The severe acute respiratory syndrome coronavirus 2 (SARS‐CoV‐2) has been spreading around the world since 2019 and variants harboring various mutations have been increasingly identified (henceforth: “variant” stands for virus with one or more mutations that are different from the original virus 1 ). Several of the mutations, especially those in the receptor‐binding domain, were associated with enhanced affinity to the receptor in humans. Preliminary findings showed that they were fast‐spreading variants. These variants shared common features, notably high genetic changes in the spike (S) protein,2, 3, 4, 5, 6 which is a key target for vaccine, virus entry, and infectivity. 7

In Hong Kong, the SARS‐CoV‐2 vaccine was available by end of February 2021 for the public free of charge. 8 Genetic surveillance would facilitate early detection of mutations that can increase infectivity as well as mutations that are selected for the virus to escape immunological restraint, especially when the vaccine is available. The purpose of this study is to summarize the S protein mutations detected among COVID‐19 patients in Hong Kong in 2020.

2. METHODS

We focused our study on the SARS‐CoV‐2 S protein to characterize viral mutations that are potentially associated with neutralization and immunity. It also served the purpose of knowing the genetic background of SARS‐CoV‐2 viruses in Hong Kong before the launch of vaccination.

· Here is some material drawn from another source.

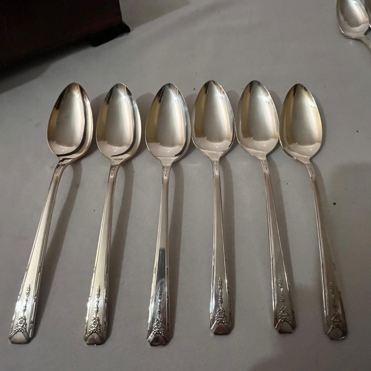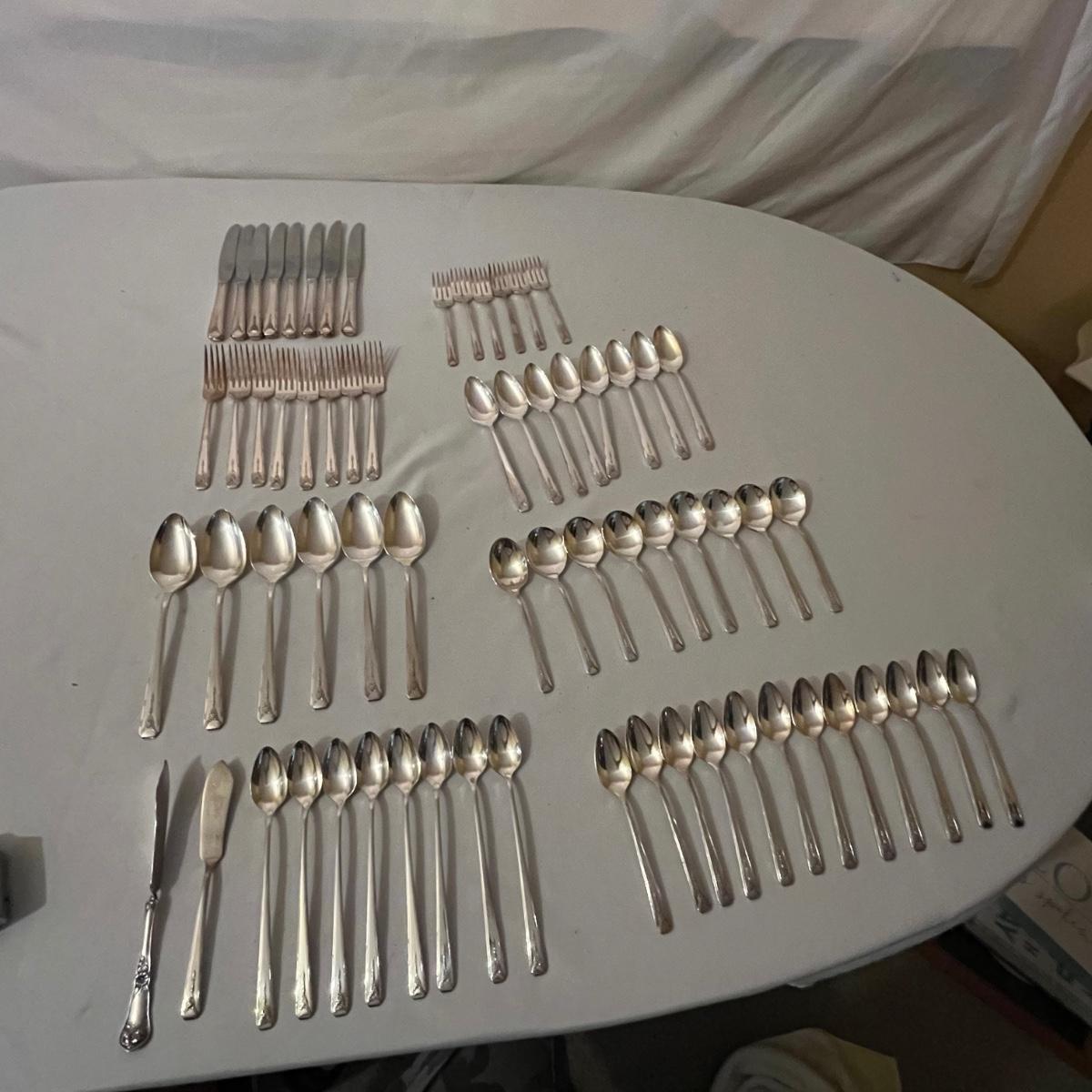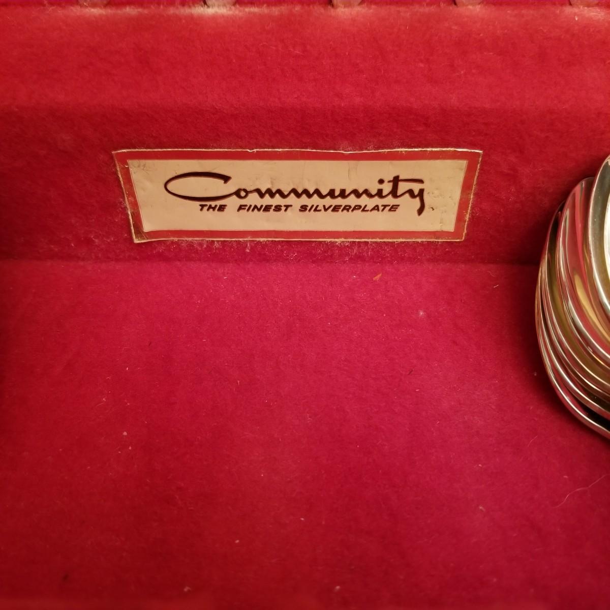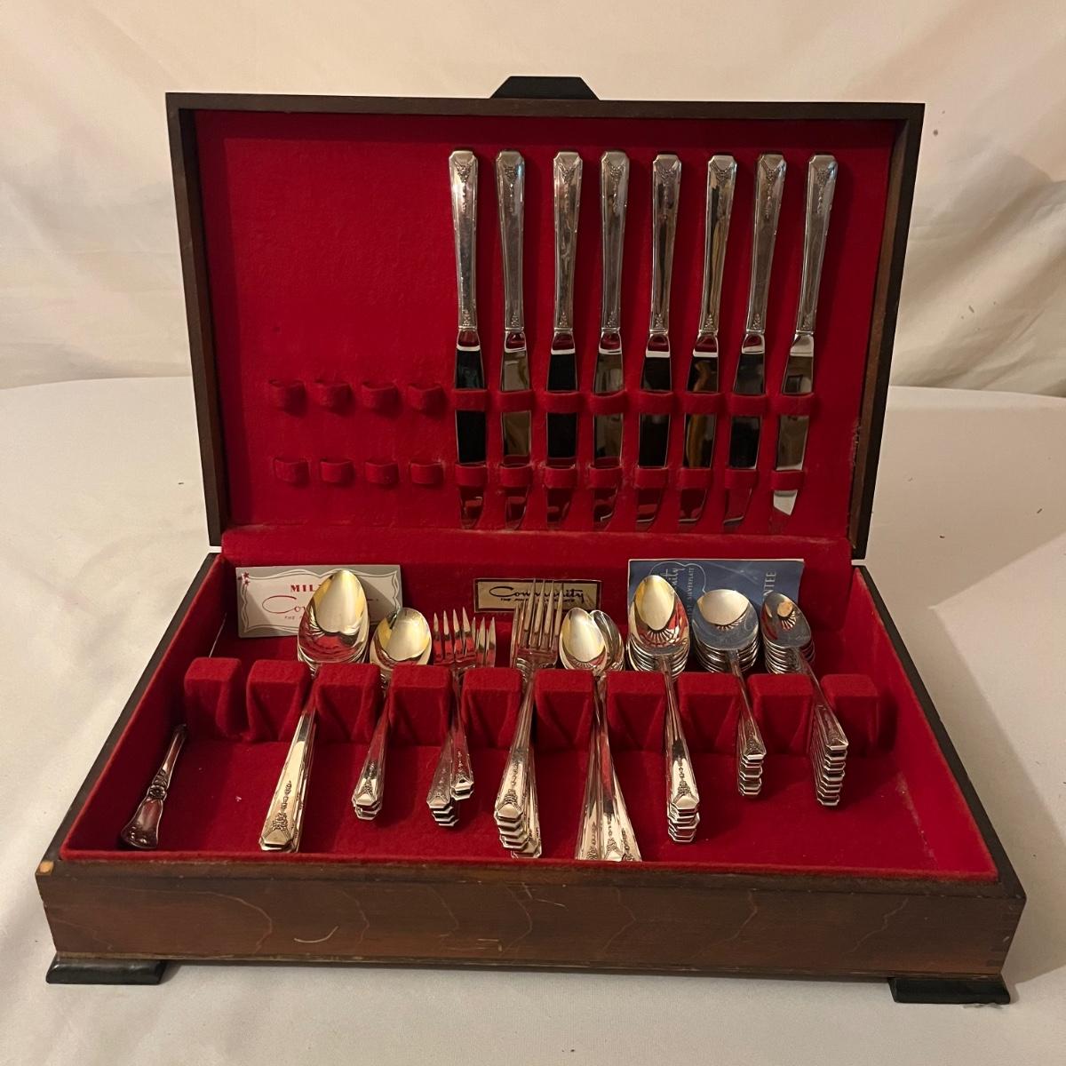 Lot contains eight person setting of Community silverplate knives, dinner forks, iced tea spoons, soup spoons and dinner spoons. Also includes six large spoons, six salad forks, twelve teaspoons and two butter knives with a wooden case also included that measures 11” x 16.5” x 3.5”.
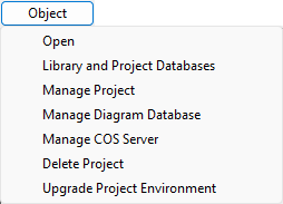 When a project is selected, or when in a workspace folder and the Parent-> icon is selected, the Object menu contains the following items.

With the exception of May and June 2020 when five and six COVID‐19 cases were selected respectively due to a low number of COVID‐19 cases, at least ten COVID‐19 cases were selected every month in 2020. COVID‐19 cases were selected in different time points to achieve a balanced representation and to avoid selection bias. The protocols were based on the previous study. 9 Only one virus from each case was analyzed. The S protein consists of 1273 amino acids; the full encoding region of 3822 nucleotides (from start to stop codons) was analyzed for each virus. Epidemiological information was collected as described. 10

3. RESULTS

From January 2020 to December 2020, a total of 340 SARS‐CoV‐2 viruses were sequenced for the S protein. Among those COVID‐19 cases selected, 95 were imported cases (27.9%), 245 were local cases (72.1%).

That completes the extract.